(Stored items)
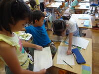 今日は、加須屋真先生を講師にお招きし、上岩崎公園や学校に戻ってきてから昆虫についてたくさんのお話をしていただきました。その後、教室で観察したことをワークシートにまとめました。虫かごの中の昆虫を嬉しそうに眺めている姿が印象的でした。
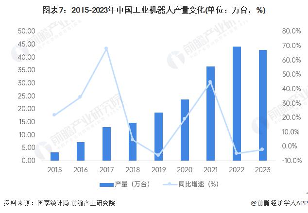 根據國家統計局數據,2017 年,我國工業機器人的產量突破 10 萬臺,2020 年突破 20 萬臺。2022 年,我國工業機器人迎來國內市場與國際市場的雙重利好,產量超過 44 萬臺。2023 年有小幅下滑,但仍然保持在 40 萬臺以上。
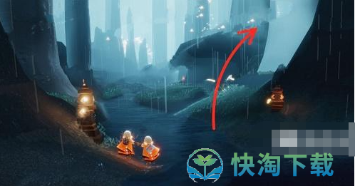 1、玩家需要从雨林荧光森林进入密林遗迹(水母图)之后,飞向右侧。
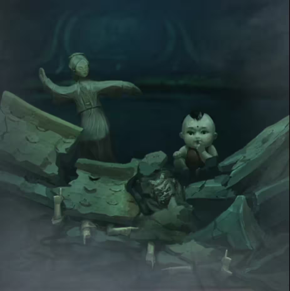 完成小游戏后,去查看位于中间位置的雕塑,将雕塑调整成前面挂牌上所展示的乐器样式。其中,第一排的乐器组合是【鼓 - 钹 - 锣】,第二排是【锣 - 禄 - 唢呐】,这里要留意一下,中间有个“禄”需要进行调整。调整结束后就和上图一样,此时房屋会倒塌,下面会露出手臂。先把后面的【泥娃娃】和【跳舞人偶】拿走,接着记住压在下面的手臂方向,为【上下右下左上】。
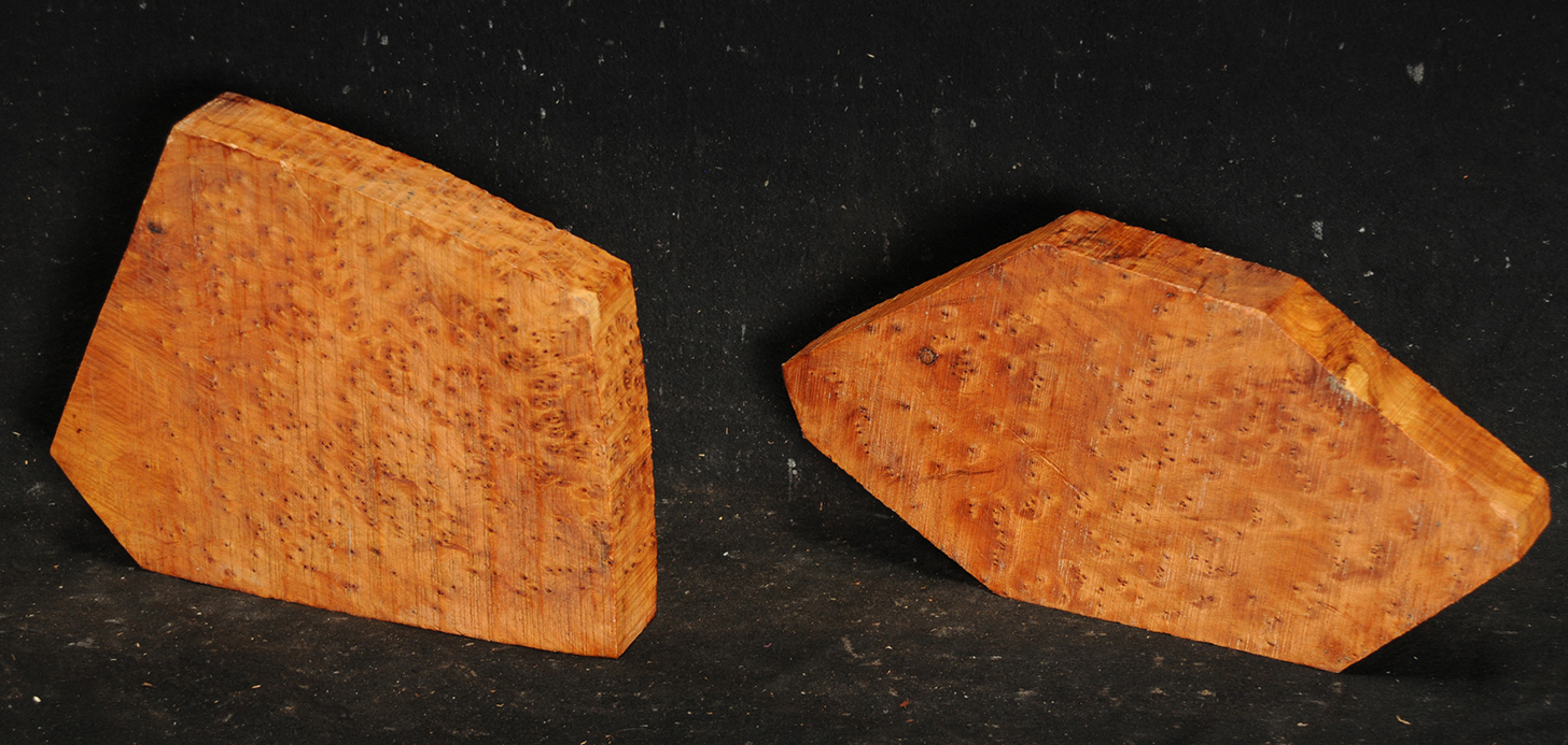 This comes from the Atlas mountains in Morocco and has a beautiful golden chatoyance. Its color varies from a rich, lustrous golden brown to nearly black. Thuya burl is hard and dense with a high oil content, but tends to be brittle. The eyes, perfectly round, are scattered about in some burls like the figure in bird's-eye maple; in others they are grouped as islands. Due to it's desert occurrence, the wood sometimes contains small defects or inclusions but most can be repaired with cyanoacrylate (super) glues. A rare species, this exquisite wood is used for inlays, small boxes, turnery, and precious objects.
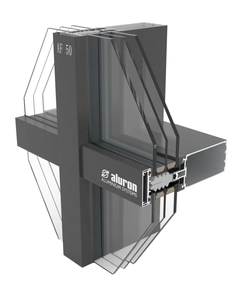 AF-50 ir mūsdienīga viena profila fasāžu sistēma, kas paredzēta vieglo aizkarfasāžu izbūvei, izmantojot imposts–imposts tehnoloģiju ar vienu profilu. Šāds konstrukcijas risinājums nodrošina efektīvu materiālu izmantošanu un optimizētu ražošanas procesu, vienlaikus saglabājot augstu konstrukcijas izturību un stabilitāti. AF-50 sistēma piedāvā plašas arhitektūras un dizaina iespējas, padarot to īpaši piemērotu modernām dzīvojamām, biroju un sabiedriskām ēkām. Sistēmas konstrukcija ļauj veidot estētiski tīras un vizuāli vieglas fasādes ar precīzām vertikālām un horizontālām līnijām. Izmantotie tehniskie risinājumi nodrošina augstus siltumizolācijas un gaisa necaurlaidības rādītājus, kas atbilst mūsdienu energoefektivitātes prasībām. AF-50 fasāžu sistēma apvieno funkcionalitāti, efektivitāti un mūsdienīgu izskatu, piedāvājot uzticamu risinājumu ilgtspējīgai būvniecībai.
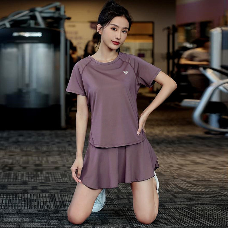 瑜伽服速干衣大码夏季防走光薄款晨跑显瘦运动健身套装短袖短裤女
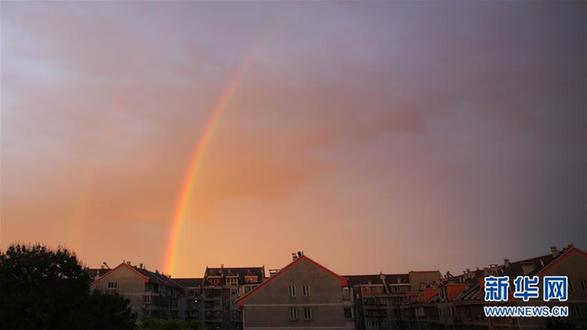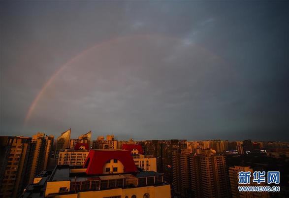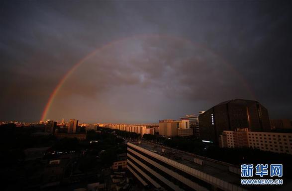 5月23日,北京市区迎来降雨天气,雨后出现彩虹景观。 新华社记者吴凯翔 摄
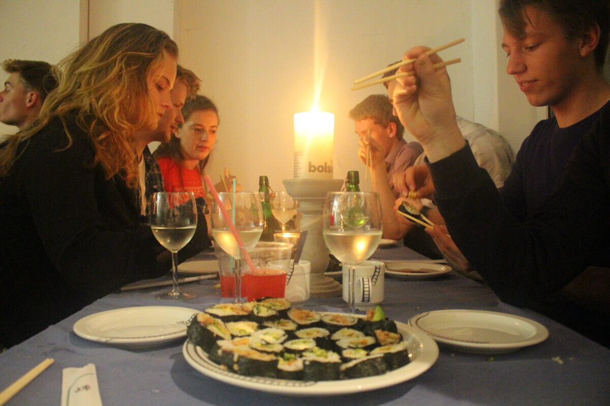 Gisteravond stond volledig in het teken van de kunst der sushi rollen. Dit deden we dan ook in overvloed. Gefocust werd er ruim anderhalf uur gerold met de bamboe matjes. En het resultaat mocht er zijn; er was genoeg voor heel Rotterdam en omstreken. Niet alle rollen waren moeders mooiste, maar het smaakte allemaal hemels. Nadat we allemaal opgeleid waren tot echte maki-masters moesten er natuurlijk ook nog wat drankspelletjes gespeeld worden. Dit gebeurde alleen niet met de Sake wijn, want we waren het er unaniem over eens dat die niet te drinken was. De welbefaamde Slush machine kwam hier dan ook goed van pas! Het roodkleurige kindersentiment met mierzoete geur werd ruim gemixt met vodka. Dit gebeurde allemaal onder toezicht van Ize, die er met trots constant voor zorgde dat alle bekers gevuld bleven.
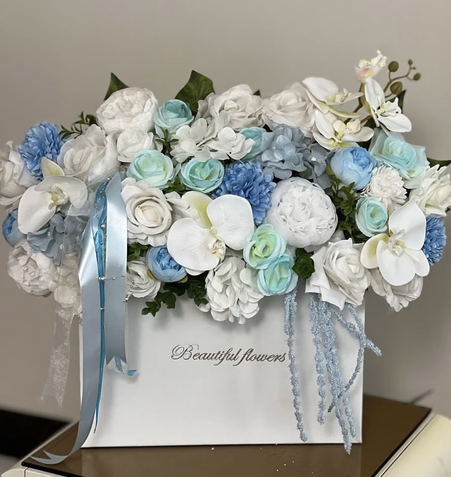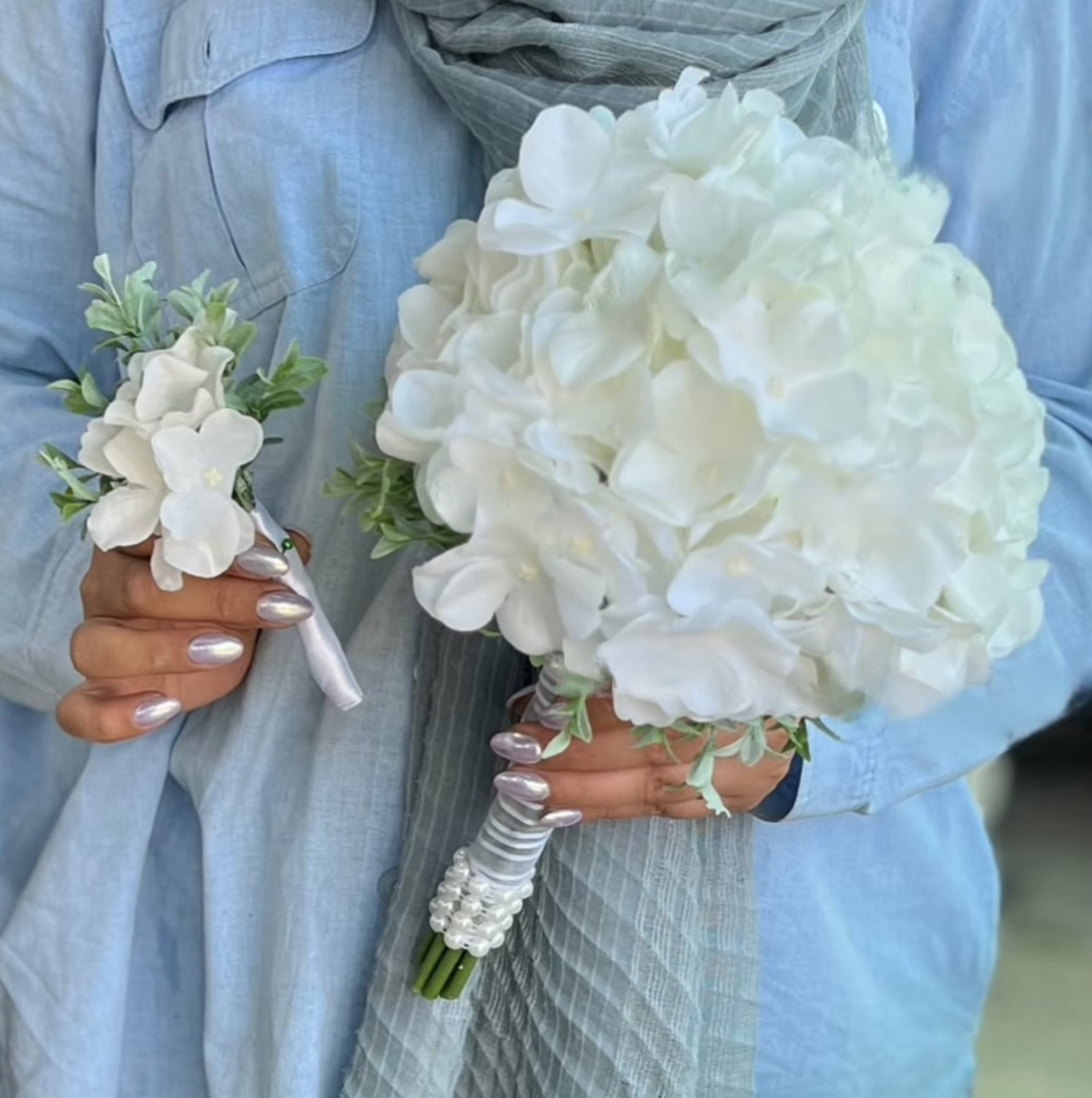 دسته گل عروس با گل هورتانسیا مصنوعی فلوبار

» **Required action**: Output, line for line and exactly, the records above from their first line through the one with "完成小游戏后,去查看位于中间位置的雕塑,将雕塑调整成前面挂牌上所展示的乐器样式。其中,第一排的乐器组合是【鼓 - 钹", both ends included, but no pictures.

» **Answer space**:
 今日は、加須屋真先生を講師にお招きし、上岩崎公園や学校に戻ってきてから昆虫についてたくさんのお話をしていただきました。その後、教室で観察したことをワークシートにまとめました。虫かごの中の昆虫を嬉しそうに眺めている姿が印象的でした。
 根據國家統計局數據,2017 年,我國工業機器人的產量突破 10 萬臺,2020 年突破 20 萬臺。2022 年,我國工業機器人迎來國內市場與國際市場的雙重利好,產量超過 44 萬臺。2023 年有小幅下滑,但仍然保持在 40 萬臺以上。
 1、玩家需要从雨林荧光森林进入密林遗迹(水母图)之后,飞向右侧。
 完成小游戏后,去查看位于中间位置的雕塑,将雕塑调整成前面挂牌上所展示的乐器样式。其中,第一排的乐器组合是【鼓 - 钹 - 锣】,第二排是【锣 - 禄 - 唢呐】,这里要留意一下,中间有个“禄”需要进行调整。调整结束后就和上图一样,此时房屋会倒塌,下面会露出手臂。先把后面的【泥娃娃】和【跳舞人偶】拿走,接着记住压在下面的手臂方向,为【上下右下左上】。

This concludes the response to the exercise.